When you use `.write`, you can specify the `mode` to control how the write operation behaves. Here are the most common values:

* `append` → Adds the new data to the existing files or table.
* `overwrite` → Replaces the existing data at the path or in the table.
* `ignore` → Does nothing if data already exists at the path or in the table (it skips writing).
* error or "errorifexists" → Throws an error if data already exists (this is the default mode).
* `fail` → Alias for `error`.

In [0]:
df_write.write.mode("append").format("csv").option("sep", ";").option("header", True).save("file:///tmp/dbcert.csv2")

In [0]:
ls /tmp/dbcert.csv2

#### WAY 4 - AS TABLE


![](https://i.postimg.cc/MTmpnW7x/dbo.png)

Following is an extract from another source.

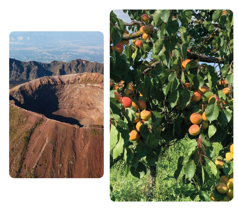 Il Vesuvio non è solo uno dei vulcani più famosi al mondo, ma anche un ecosistema che ha dato vita a una straordinaria biodiversità. Il terreno scuro e soffice, risultato di secoli di attività vulcanica, nutre le piante con sostanze preziose, mentre lo sbalzo termico tra il giorno e la notte favorisce una maturazione ottimale dei frutti. Questo equilibrio naturale conferisce alla Pellecchiella il suo sapore dolce e intenso, con un grado zuccherino superiore rispetto alle altre varietà.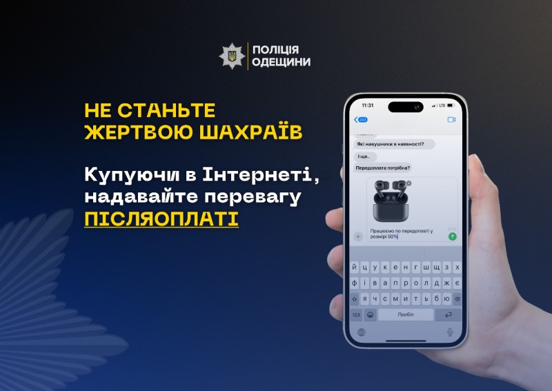 Поліцейські вкотре наголошують: щоб не потрапити у подібну ситуацію, замовляйте товар у незнайомих вам і неперевірених продавців лише за наявності післяплати. Якщо продавець не погоджується на таку умову, відмовтеся від покупки і пошукайте іншого реалізатора.

**Needs Hive to work if you are trying it locally**

In [0]:
df_write.write.mode("overwrite").saveAsTable("default.devcert")

In [0]:
%sql
DESCRIBE default.devcert;

In [0]:
%sql
SELECT * FROM default.devcert

In [0]:
dft = spark.sql("SELECT * FROM default.devcert")
dft.display()


#### WAY 5 - PARAMS AS DICT

In [0]:
params = {
    "sep": ";",
    "header": True,
    "inferSchema": True
}
df_write.write.mode("append").format("csv").options(**params).save("file:///tmp/dbcert.csv2")

### ADVANCED FORMATS

#### PARQUET

In [0]:
df_write.write.parquet("file:///tmp/dbcert.parquet")

In [0]:
%sh
ls -l /tmp/dbcert.parquet

In [0]:
%sh cat /tmp/dbcert.parquet/part-00000-tid-4268164983331311051-e6267233-c900-41a4-9307-6f86526cf547-41-1-c000.snappy.parquet

#### AVRO

In [0]:
df_write.write.format("avro").save("file:///tmp/dbcert.avro")

In [0]:
%sh
ls -l /tmp/dbcert.avro

In [0]:
%sh
cat  /tmp/dbcert.avro/part-00000-tid-951832466005025034-4a30fe45-7ef9-4eb0-8d7e-bb3df62ec72d-42-1-c000.snappy.avro

#### ORC

In [0]:
df_write.write.format("orc").save("file:///tmp/dbcert.orc")

In [0]:
%sh
ls -l /tmp/dbcert.orc

In [0]:
%sh
cat /tmp/dbcert.orc/part-00000-tid-2888970017771402040-5995028d-3052-4819-a6c6-c6608ccbd653-43-1-c000.snappy.orc

#### JSON

In [0]:
df_write.write.format("json").save("file:///tmp/dbcert.json")

In [0]:
%sh
ls -l /tmp/dbcert.json

In [0]:
%sh
cat /tmp/dbcert.json/part-00000-tid-8467736424276857177-522a1c79-8d22-43be-9263-d463ee53556e-44-1-c000.json

## USING SOME OF CONCEPTS 

These are file formats that store the schema information inside the file itself. When reading these formats in PySpark, Spark can automatically infer both the structure (columns, types) and the data — no need to manually define a schema like with CSV or text files.



In [0]:
from pyspark.sql.functions import explode, col, split, trim, lower, count

#### STAGE 1 - READ DATA

In [0]:
from pyspark.sql.functions import explode, col, split, trim, lower, count
params = {
    "sep": ",",
    "header": True,
    "inferSchema": True
}

# get data
stg_one = spark.read.format("csv").options(**params).load(spark_uri)\
    .select(
        "first_name",
        "last_name",
        explode(split(col("email_dependents"), ",")).alias("user_email")
    )

stg_one.display()

#### STAGE 2 - CLEAN DATA

In [0]:
stg_two = stg_one.select(
    "first_name",
    "last_name",
    lower(trim(col("user_email"))).alias("user_email_cleaned")
)
stg_two. display()


#### STAGE 3 - AGREGATION

In [0]:
stg_three = stg_two.groupBy("user_email_cleaned").agg(
    count("*").alias("email_count")
).orderBy("email_count", ascending=False).limit(3)
stg_three.display()

#### STAGE 4 - CHARTS

In [0]:
display(stg_three)

Databricks visualization. Run in Databricks to view.